When I got the stroller out he said, "Ollie not go in dare, mama go in dare".  Obviously that was not going to work, but I was able to get him to push the stroller, empty.  Tay and I figured that would last until the end of the drive way and he would want to be pushed.  Not so much. We turned out of the driveway and headed out of the court, down the main road.  We got three houses down (pretty big lots, so it was a decent chunk) when he started chasing the dogs who were on their leashes out ahead of us. "I catch 'em!....  Look at me! Look at me! I run-nin!" 

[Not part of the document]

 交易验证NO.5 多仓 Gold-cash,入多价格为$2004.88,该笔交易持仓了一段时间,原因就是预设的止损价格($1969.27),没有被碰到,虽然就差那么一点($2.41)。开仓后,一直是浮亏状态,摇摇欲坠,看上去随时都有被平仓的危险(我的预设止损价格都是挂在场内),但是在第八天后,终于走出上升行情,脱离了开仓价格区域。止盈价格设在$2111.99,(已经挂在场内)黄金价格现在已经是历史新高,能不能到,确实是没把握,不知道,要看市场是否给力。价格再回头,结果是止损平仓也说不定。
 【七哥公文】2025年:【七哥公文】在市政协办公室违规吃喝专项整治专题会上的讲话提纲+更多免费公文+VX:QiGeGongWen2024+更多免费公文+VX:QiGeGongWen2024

Mind you, it was after 8 pm.  Light as the middle of the day, but I know some of our neighbors had little ones trying to settle down.  Here is our public apology:)  SORRY!!   But, Oliver was so excited and so were we, to see him so active and free!  It was awesome!  We continued to walk around the entire neighborhood while he shouted and jumped and ran.  He would stop for sips of water and then spit them out (ahem, like the real runners).  When home was in sight, he developed yet another skill...he began to hurdle the little lines of grass that were growing into the street from some of the lawns. 

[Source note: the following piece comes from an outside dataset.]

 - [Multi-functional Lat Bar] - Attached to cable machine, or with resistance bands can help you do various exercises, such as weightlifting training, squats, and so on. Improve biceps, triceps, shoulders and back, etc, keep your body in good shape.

Even when we got to the top of the driveway, he just didn't stop!  Ollie launched into the lawn to run through the sprinklers.  He finally went to bed after 10pm!

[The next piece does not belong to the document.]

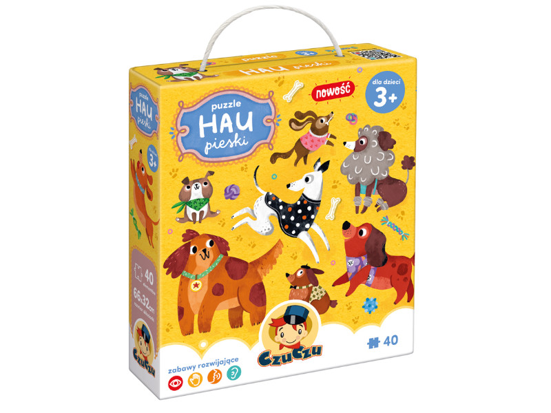 Twoje dziecko fascynuje się czworonogami i wciągającymi puzzlami? Chce zdobywać coraz to nową wiedzę co do otaczającego świata? Puzzle przedstawiające pieski z serii HAU to idealny sposób, aby mu pomóc! Te 40 elementowe puzzle to niezwykła ilustracja przedstawiająca różnego rodzaju gatunki psów. Jest to świetna zabawa, która pobudza wyobraźnie oraz pasję, a przy tym może być także idelanym sposobem na rodzinne spędzanie czasu.

I just don't know where he gets it.  I've NEVER been a fan of running....but it was such a great reminder of how far Oliver has come in such a short time.  Less than 4 months ago he was unable to sit, stand, walk, run or even hold his head up.  God is SO GOOD!


A link to a video of Ollie on his run:

https://www.facebook.com/photo.php?v=10201096301383575&l=1721497037785920969

(FYI, as mentioned, we didn't expect that he would be running.....hence the crocs.)

Sunday, August 25, 2013

wrapping up July

Mimi dressed up like Mickey for my arrival.
 She is so cute!

July 28th

Papa Ernie is in town, so we went to visit Mimi's house.  My mommy and daddy decided that since my cousins haven't been in school or around many other kids, I could see them today.  So Aunt Ashley brought Avery and Addy over to play with me.  
Papa was throwing BP and Mimi was my backup hitter

Nakey boy swimming with Papa
I was supposed to take a nap, but I wanted my mama to snuggle with me instead.  I'm pretty sure she took a nap, but I did not.  After awhile, I got really tired and told them I wanted to go home now.  {mommy's note: repeatedly.  after asking all week to go to Mimi's house.}

Mimi got my one of my special treats {an ice cream cone filled Nutella, sprinkles and whipped cream} before we left.  My daddy got some on Auntie's face...she was not happy, but we all laughed!  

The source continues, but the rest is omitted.